BTW, not just because my layout is in there, but I have always thought that CTT does by far the best layout reviews and spreads I've seen. Roger Carps eye for detail and arrangement of a photo is the best in this business. I learned A LOT about photography from his feedback as I sent him photos for the aricle on my layout and he sent me advice back on how to improve them. In particular, the one he really likes (of the 2-6-6-2 coming around Raton Pass, was much improved after his advice. He is a true artist with layout articles, and the one on yours was really interesting.


----------



## AmFlyer (Mar 16, 2012)

It takes quite a while for the CTT magazines to make their way to the west coast. I just received mine yesterday (Saturday.) The article on Lee and the layout is truly great. I have followed the postings on the other forum with great interest. I have been a member here at MTF but was only looking at the S forum.

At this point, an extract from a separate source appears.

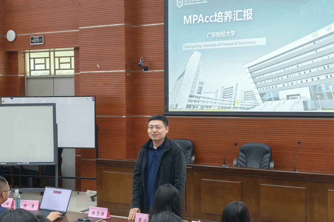 会议的第一项议程,杨志强副院长详细介绍了广东财经大学MPAcc研究生学位点的建设情况、办学目标和特色、基本条件以及人才培养方案等内容。
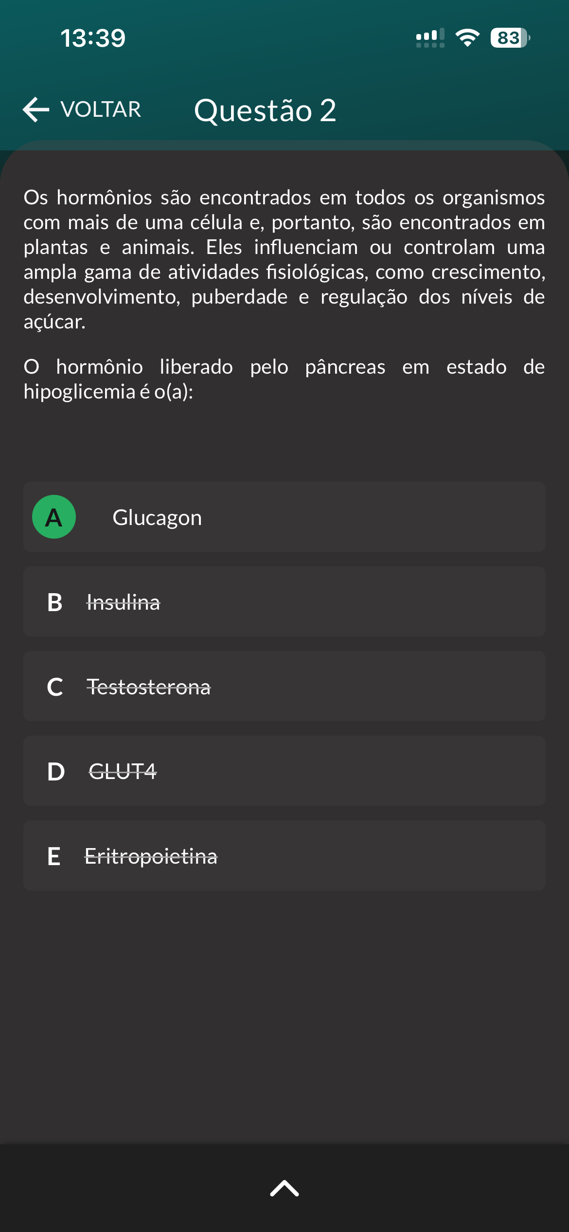 13:39 83 VOLTAR Questão 2 Os hormônios são encontrados em todos os organismos com mais de uma célula e, portanto, são encontrados em plantas e animais. Eles influenciam ou controlam uma ampla gama de atividades fisiológicas, como crescimento, desenvolvimento, puberdade e regulação dos níveis de açúcar. hormônio liberado pelo pâncreas em estado de hipoglicemia é o(a): A Glucagon Insulina c Testosterona D GLUT4 E Eritropoietina

I sure am glad I decided to look through the other MTF forums.
As an S gauge collector/operator I wish there was an S version of 'streets. the operating cars and trucks make a great difference in the realism and fun of the layout. Lee, I congratulate you on your accomplishments.


----------



## Pingman (Aug 18, 2015)

Two questions, Lee:

1. When the article was completed, had you already decided to revise your upper level? 

2. How soon after the article was completed did you begin the upper level revision?

Thanks.


----------



## Lee Willis (Jan 1, 2014)

No, I had not decided to revise my upper level when the article was done. had no even thought of it. 

The article was locked in in early December of last year. I didn't decided to revise my upper level until late Spring. this year.


----------



## teledoc (Oct 22, 2014)

Just got home, and my issue was waiting. Great article, BUT, "Can I have your autograph????" LOL. Congrats!!


----------



## DMASSO (Jul 25, 2015)

Lee Willis said:


> Thank you, Dmasso I saw the previous issue spread about you club layout. Nice set up you guys have. It represents a lot of work. I liked it a lot.
> 
> BTW, not just because my layout is in there, but I have always thought that CTT does by far the best layout reviews and spreads I've seen. Roger Carps eye for detail and arrangement of a photo is the best in this business. I learned A LOT about photography from his feedback as I sent him photos for the aricle on my layout and he sent me advice back on how to improve them. In particular, the one he really likes (of the 2-6-6-2 coming around Raton Pass, was much improved after his advice. He is a true artist with layout articles, and the one on yours was really interesting.


Thank you Lee.

Don
bmrailways.com


----------



## MOVL (Aug 23, 2015)

Congratulations Lee! I'll be sure to get a copy of the mag.


----------



## bill937ca (Jul 18, 2014)

FVTrains said:


> Lee
> 
> Read the article online, congratulations! Was disappointed that there were no photos of the waterskiing or sailing. Also no mention of the grocery store horse ride. But it was nonetheless an outstanding article. As great as the article is, though, it really doesn't give your layout its deserved admiration, that's how wonderful it is.
> 
> ...


There was a picture of Lee's water skiing scene on page 8 of the September 2015 Classic Toy Trains.


----------